User With Only One Visit

A user may appear exactly once in the table. In this situation, there are no consecutive visit pairs. The only valid window is between the single visit date and '2021-01-01'.

This case can easily cause bugs if the implementation assumes that every row has a next visit. The solution handles this correctly by replacing missing LEAD() results with '2021-01-01'.

Duplicate Visit Dates

Since the table has no primary key, duplicate rows may exist. Two visits may occur on the exact same date, producing a window size of 0.

A naive implementation might incorrectly remove duplicates or assume strictly increasing dates. The solution keeps duplicates intact, and DATEDIFF() naturally returns 0 when dates are equal.

Unsorted Input

The input rows are not guaranteed to be ordered. If visits are processed in insertion order instead of chronological order, the computed gaps will be incorrect.

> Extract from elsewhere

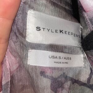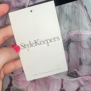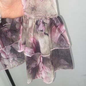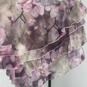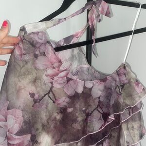 Elegant floral ruffle halter top with a beautiful blend of pink and gray hues. Perfect for a stylish and feminine look.

The solution explicitly sorts visits by visit_date using ORDER BY inside the window function, guaranteeing that comparisons are always made chronologically.

Last Visit Handling

The final visit for each user has no next visit row. Forgetting to compare against '2021-01-01' would miss potentially large windows.

The solution handles this using IFNULL(LEAD(...), '2021-01-01'), ensuring that every visit participates in exactly one window calculation.